In Euclid's proof, if $p_1, p_2, \dots, p_n$ are the only primes then $p_1 \times p_2 \times \dots \times p_n + 1$ is not divisible by any of $p_1, p_2, \dots, p_n$ (because of some algebraic facts), which makes another prime and is a contradiction.

The proof makes sense logically, and I tried some numerical examples to "feel" the proof better but...

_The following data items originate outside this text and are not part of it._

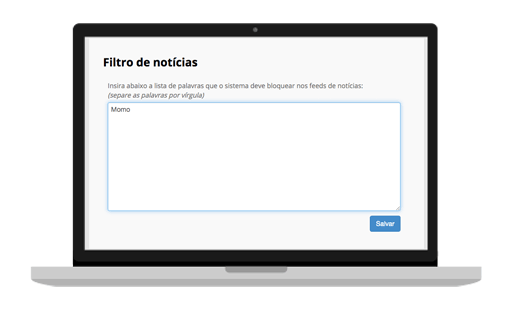 Como as notícias são publicadas diretamente por portais e outros feeds de conteúdo, é possível gerar uma lista de palavras negativas que caso sejam utilizadas, bloqueiam as notícias de aparecerem nas telas.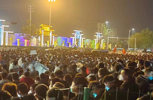 據希望之聲電台報道,網上熱傳的多個影片顯示,大量工人和身穿白色防護服的警察爆發激烈衝突,警方一度發射催淚彈,持長鋼管毆打工人,工人則丟擲石塊,拿出滅火器反擊,還砸毀車輛與核酸檢測亭。期間,有人喊出「打倒中國共產黨」、「為甚麼不讓說,必須要說,今天我不說,明天沒有人講,中國共產黨就可以把我們的命不當命嗎?!」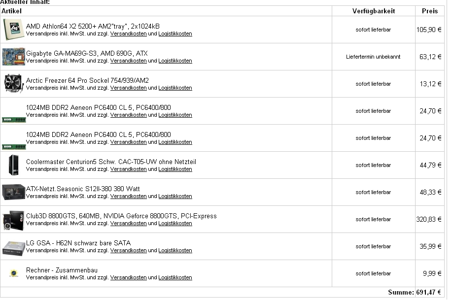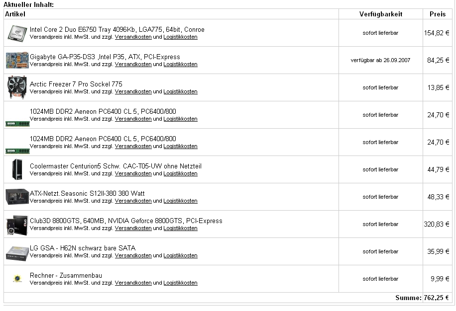 ein Intel® Core 2 Duo E6850 L1:2x32KB L2:2x2048 KB mit 2x3.0 GHz kostet rund 233€ (65Watt)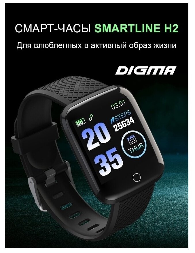 Смарт-часы DIGMA Smartline H2 черный (h2b)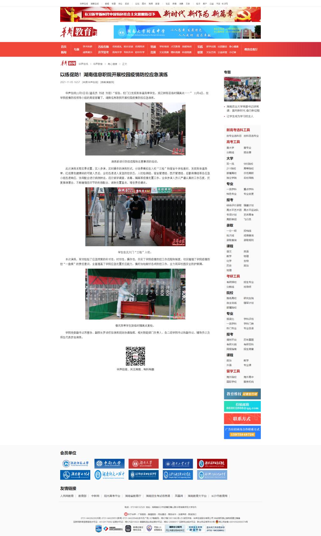 11月5日,华声在线发布《以练促防!湖南信息职院开展校园疫情防控应急演练》。

$2 \times 3 \times 5\times 7\times 11\times 13+1$ is not a prime! $2 \times 3 \times 5\times 7\times 11\times 13 \times 17+1$ is also not prime! Why is the general case proof is not working for these examples?

Answer 1

Suppose there are finitely many primes. Then we can enumerate them as a set $$P = \{p_1, p_2, \ldots, p_n\}.$$ The number $m = p_1 p_2 \ldots p_n + 1$ is either prime or composite. If it is prime, then we have found a prime that is not among the finite set $\{p_1, \ldots, p_n\}$ of primes we assumed to comprise the collection of all primes. If it is composite, then it is divisible by a prime. But it cannot be divisible by any of $p_1, p_2, \ldots, p_n$, for upon dividing $m$ by any of these primes, it leaves a remainder of $1$. Therefore, $m$ is divisible by a prime that again is not in the presumed set of all primes. In either case, a contradiction is obtained in which the assumption that there are finitely many primes is violated.

Answer 2

Euclid's proof was not by contradiction. Many respectable authors say it was, and they're wrong. Dirichlet may have been the originator of the error.

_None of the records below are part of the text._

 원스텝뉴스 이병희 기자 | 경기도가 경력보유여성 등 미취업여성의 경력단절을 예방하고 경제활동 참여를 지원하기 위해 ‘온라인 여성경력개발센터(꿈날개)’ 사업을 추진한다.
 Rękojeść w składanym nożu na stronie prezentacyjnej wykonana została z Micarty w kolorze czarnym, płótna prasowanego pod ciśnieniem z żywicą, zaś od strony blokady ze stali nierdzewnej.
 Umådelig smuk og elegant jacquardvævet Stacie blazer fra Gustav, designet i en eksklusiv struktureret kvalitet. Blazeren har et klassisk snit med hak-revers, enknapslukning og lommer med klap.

Euclid said that if you take any finite set $S$ of primes (which need not be the first $n$ primes) then the prime factors of $1+\prod S$ are not members of $S$; hence there is at least one more prime than those in any finite set $S$.

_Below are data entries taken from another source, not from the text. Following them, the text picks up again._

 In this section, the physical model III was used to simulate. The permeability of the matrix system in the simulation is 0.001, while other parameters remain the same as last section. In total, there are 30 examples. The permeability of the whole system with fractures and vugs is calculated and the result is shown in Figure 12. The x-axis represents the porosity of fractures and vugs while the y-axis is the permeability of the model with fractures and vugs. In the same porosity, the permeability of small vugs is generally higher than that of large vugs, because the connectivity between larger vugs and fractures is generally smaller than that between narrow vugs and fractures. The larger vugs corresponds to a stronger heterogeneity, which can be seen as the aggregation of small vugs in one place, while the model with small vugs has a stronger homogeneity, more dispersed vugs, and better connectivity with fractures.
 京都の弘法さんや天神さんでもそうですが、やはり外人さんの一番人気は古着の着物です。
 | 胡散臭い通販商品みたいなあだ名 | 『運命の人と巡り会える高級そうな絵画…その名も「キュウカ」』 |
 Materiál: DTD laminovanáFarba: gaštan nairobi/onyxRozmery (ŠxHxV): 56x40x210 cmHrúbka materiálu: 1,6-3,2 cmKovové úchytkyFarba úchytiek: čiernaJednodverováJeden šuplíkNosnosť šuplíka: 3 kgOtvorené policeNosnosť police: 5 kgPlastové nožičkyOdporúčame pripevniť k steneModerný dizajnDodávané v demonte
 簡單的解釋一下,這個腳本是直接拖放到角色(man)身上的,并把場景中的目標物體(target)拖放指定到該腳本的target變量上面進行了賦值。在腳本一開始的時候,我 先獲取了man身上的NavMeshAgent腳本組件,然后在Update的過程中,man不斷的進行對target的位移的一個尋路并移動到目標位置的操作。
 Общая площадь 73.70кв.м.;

Say the finite set you start with is $S=\{5,7\}$. Then $1+\prod S = 36 = 2\times2\times3\times3$, so the additional prime numbers are $2$ and $3$.

There's nothing in that that says $1+\prod S$ (which in the example above is $36$) is prime. That comes up only when the proof is rearranged into a proof by contradiction, and then $1+\prod S$ is shown to be prime, not in the actual sequence of natural numbers, but in the hypothetical set of all natural numbers that contains only finitely many primes. Since that hypothetical set is ultimately shown not to exist, there's no problem.

Moral of the story: Rearranging this into a proof by contradiction makes the matter confusing and more complicated --- hence in those ways inferior to Euclid's original proof.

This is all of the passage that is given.